Logical premise is oft inverse the degree of awesomeness.
Surprisingly, the game spent the better part of its (as of this writing) nearing three-year lifespan running a scarce story; bare-bones, and far from exciting itself, but functional enough to get the game rolling. A kingdom sits in peaceful prosperity, passing down stories in the form of brilliant paintings housed in the Royal Archives, binding the records of adventures and heroes within. A darkness begins to settle upon the land after these records fade away from the paintings, spurring historian and veteran Keeper Dr. Mog to investigate their disappearance. Having no time to delve into the worlds of the paintings while he pours over tomes and records in search of answers, he enlists the aid of his apprentice, the playable protagonist (named Tyro, by default). Dive into the paintings, defeat the enemies within, and restore the memories and records of heroes past!
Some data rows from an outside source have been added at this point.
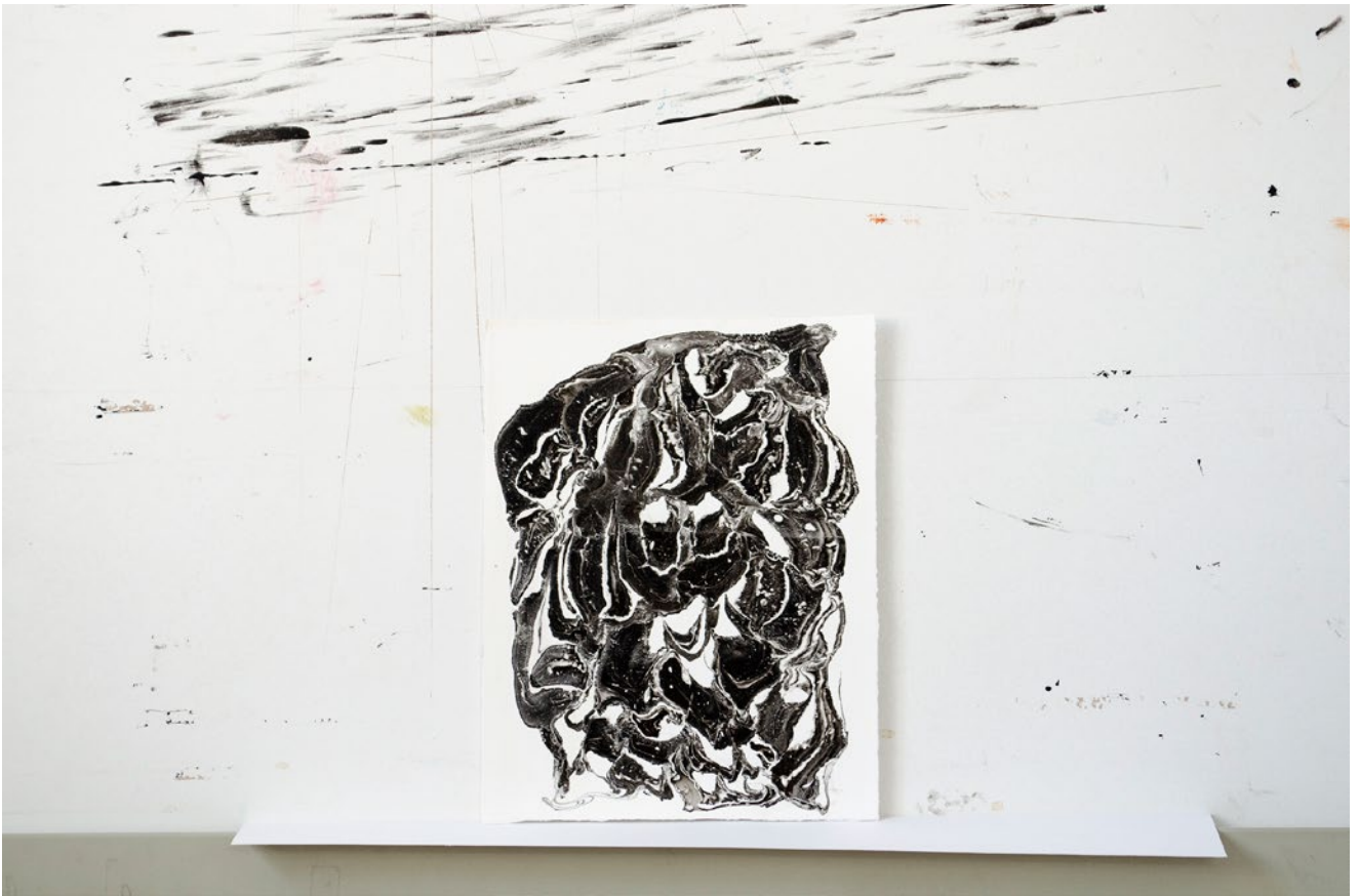
ohne Titel, marmoriertes Büttenpapier, 26,5 cm x 20,5 cm, 2018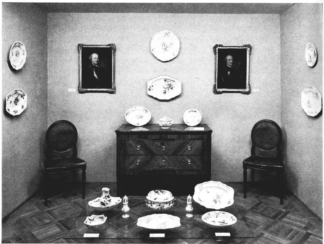
Abb. 2. Vitrine mit Berner und Lenzburger Fayencen

Sinne erfolgte Zusammenstellung der verschiedenartigsten Gegenstände wie Porträts, Waffen, Uniformen, Silbergeschenke, Orden und Urkunden, die mit dem Offizierskorps des 4. bernischen Regiments in neapolitanischen Diensten in Beziehung stehen. Die in Nola stationierten und unter dem Kommando von Oberst Friedrich Albrecht von Wyttenbach stehenden Offiziere des 4. Regiments legten im ersten Viertel des letzten Jahrhunderts eine Sammlung von griechischen und unteritalischen Vasen an, die sie dann 1830 der bernischen Bibliothekskommission als Geschenk überreichten. Diese in Nola gesammelten Gefäße, allgemein nur «Sammlung Nola» genannt, wurden in dem angrenzenden Raum in neuangefertigten Vitrinen ausgestellt und mit späteren Erwerbungen antiker Vasen sowie mit griechischen und römischen Münzen, Bronzen und Terrakotten sinnvoll zu einem Komplex von antikem Ausstellungsgut aus dem Mittelmeerraum ergänzt. Es konnte damit einem vielseitigen Wunsche von seiten der Wissenschaft und der Museumsfreunde entsprochen werden. Mit der Neugestaltung dieses «Mittelmeerkabinetts» in einem Raume, der früher dem Gutenbergmuseum zur Verfügung stand, gelangte nun auch die Neugestaltung des zweiten Stockwerkes zu ihrem endgültigen Abschluß (Abb. 4/5).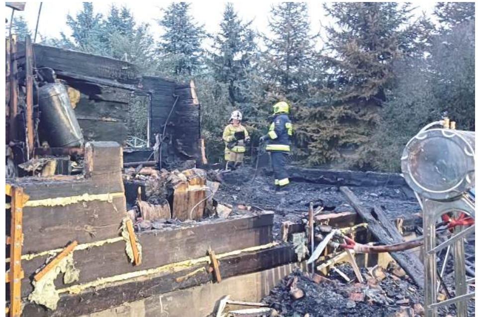
W wyniku pożaru drewnianego domu życie straciło dwóch mężczyzn: 81-latek i 52-latek

W nocy z 12 na 13 września doszło do dramatycznych wydarzeń w miejscowości Kuzawka w gminie Terespol (powiat bialski). W wyniku pożaru drewnianego domu życie straciło dwóch mężczyzn: 81-latek i 52-latek, najprawdopodobniej ojciec i syn.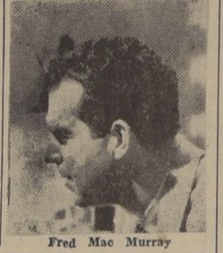
Fred Mac Murray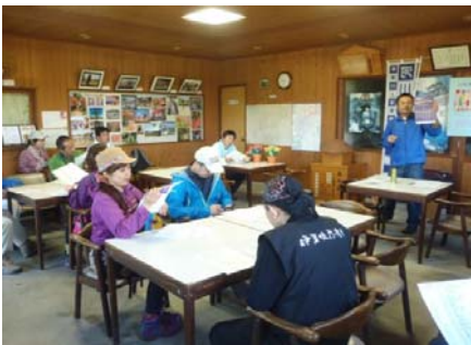
活動前のミーティング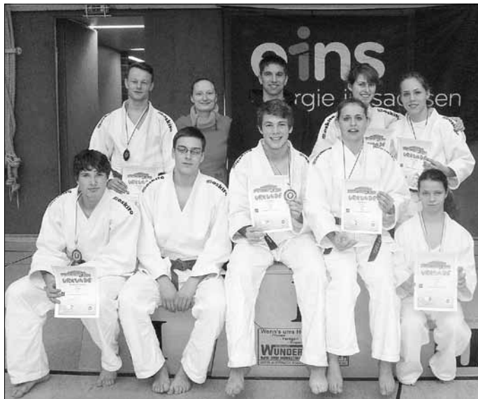
Die Teilnehmer der Landeseinzelmeisterschaften U21 am 03.02.2013 in Rodewisch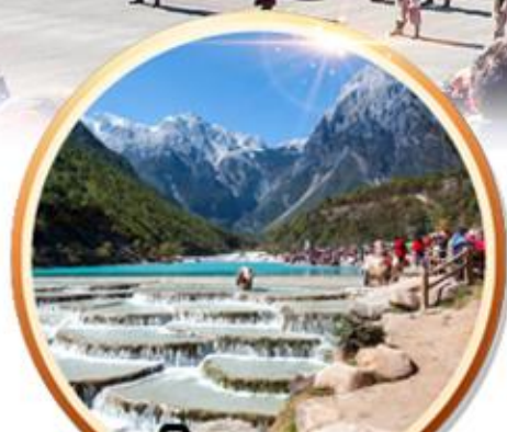
ยอดอมความงาม หุบเขาพระจันทร์สีน้ำเงิน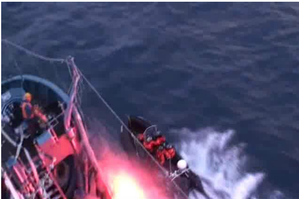
妨害船ボブ・バーカー号の活動家が発光弾で第二勇新丸を攻撃。発光弾は一説には2,000もの炎を発すると言われ、船舶火災のおそれがあり極めて危険。（2011年1月9日）

With a cravat like that, he’s at least three pay-grades above menial work like saving the world.
He’s far from the only ally the Keeper will have. FFRK’s very own obligatory Cid is there to help you tinker with your equipment and abilities at reasonable cost of materials and gil, all to better outfit a cast nearing 200 playable characters from across the Final Fantasy series; heroes, villains, and the every-lovable unnamed Job characters all share the stage, with more still being added as updates and events come and go! The player will have absolutely no trouble putting together dream teams of five across hundreds of dungeons. Seemingly, after some self-reflection upon the more controversial, random aspect of All the Bravest, Record Keeper’s cast is much more readily available through a variety of means. Dungeons from the main game have a handful of characters offered as completion rewards, limited time events offer both new and old faces, and if you still haven’t found one of your favorites by then, there’s always the (absurdly plentiful) ‘Soul of Heroes’ item that allows you to purchase a previously release character from Dr. Mog in the Hall of Rites. Everybody has a chance to collect and use any character they want; unusual for a social gacha game, but welcome.
Fact: Twitter upped tweets to 280 because they were jealous of FFRK having more characters.
Note: Not a real fact.
Interestingly, Dr. Mog’s role as the Keeper’s tutor plays an important part in game beyond just serving as a means of explaining game mechanics to new players. He is familiar with every boss encountered within the paintings, offering detailed advice on how to tackle each one waiting for the party at the end of a dungeon. The intel given on his tab before entering a dungeon can include everything from elemental weaknesses and status vulnerabilities, to differences in phases and what to expect when triggering them. Dr. Mog becomes integral to clearing difficult dungeons, even to long-time fans of the series, as harder iterations of past bosses change their strategies and even lose their weaknesses from previous fights. This makes your pommed supervisor here one of, if not the most, useful NPCs in the entire series.
One character who doesn’t let being your boss keep him from being pretty boss about it.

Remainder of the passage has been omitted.